Devote adequate funding for management of the Atlantic salmon industry in
this state.

Currently no state funding is dedicated for management if this $40 million
industry.

Reestablish the authority of WDFW or another appropriate state agency to
regulate aquaculture, including determining the species which could be
raised, inspecting aquaculture operations, providing educational
opportunities for aquaculturalists and establishing an Atlantic Salmon
Watch program as focal point for gathering data.

Appleby said that currently the Atlantic Salmon Watch program formally
exists only in Canada. The program works to educate fishermen to look for
Atlantic salmon in the wild and to report their findings. Currently Appleby
has borrowed some Salmon Watch posters for use in Washington state and
state employees are trained to look for, capture, kill and report Atlantic
salmon they find.

Washington doesn't have salmon watch effort mobilized in BC, through
trapping and other salmon management activities state fisheries workers
have had a number of opportunities to come across escaped Atlantic salmon.
To date, they have not found a naturally reproduced juvenile -- as has been
found in BC. However, they have picked up smolts at traps on two locations
in southwest Washington and traced them back to smolt producers up stream.

"We notify the producer that he's had some leakage," Appleby said. "We've
caught a few on the Cowlitz basin and at Mayfield dam. But we've never seen
an adult in either of those two watersheds. So we're assuming the fish
aren't surviving."

While WDFW is concerned, the state agency still regards the salmon farming
industry as a low level threat to wild salmon stocks, Appleby said. When
the National Marine Fisheries Service looked at impacts to Pacific Salmon
stocks "aquaculture didn't even appear on radar screens."

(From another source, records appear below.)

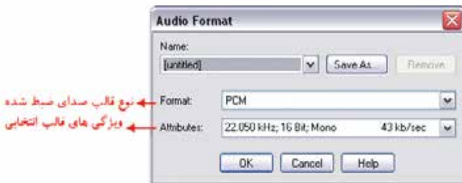
شکل ۴-۷ کادر محاوره Audio Format

در پنجره ی Output Properties می توان سخت افزار ورودی صدا را نیز تعیین کرد؛ برای این منظور، روی دکمه ی Audio Setup کلیک کرده تا کادر محاوره ای Audio Format باز شود. (شکل ۴-۷)
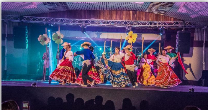
PROCESO DE FORMACIÓN
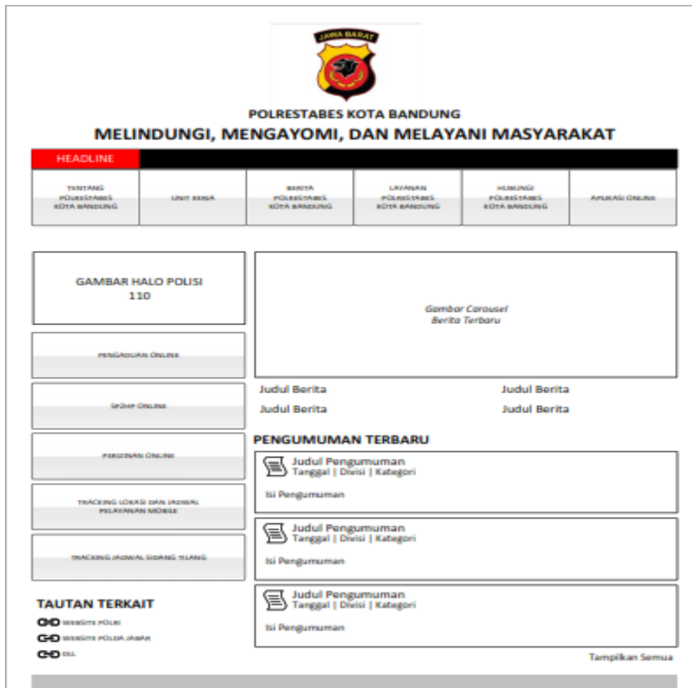
Gambar 2. desain menu tentang

Dilihat dari desain map keseluruhan yang ada pada gambar 4.1, menunjukkan bahwa terdapat enam menu utama yang mewakili semua unit kerja yang ada di Mapolresta Bandung.

The story is different on the East coast, where the National Marine
Fisheries Service is expected to list Atlantic salmon as endangered in the
next few weeks. In Maine NFMS has said that the growing, $60 million salmon
aquaculture industry--whose cultivated fish are escaping, breeding with,
and genetically disrupting wild fish--is a leading threat to wild salmon
stocks.

Appleby said he'd be more worried too if farmers were raising Pacific
Salmon instead of Atlantic. The chances of interbreeding and interaction is
much higher when the same species is involved.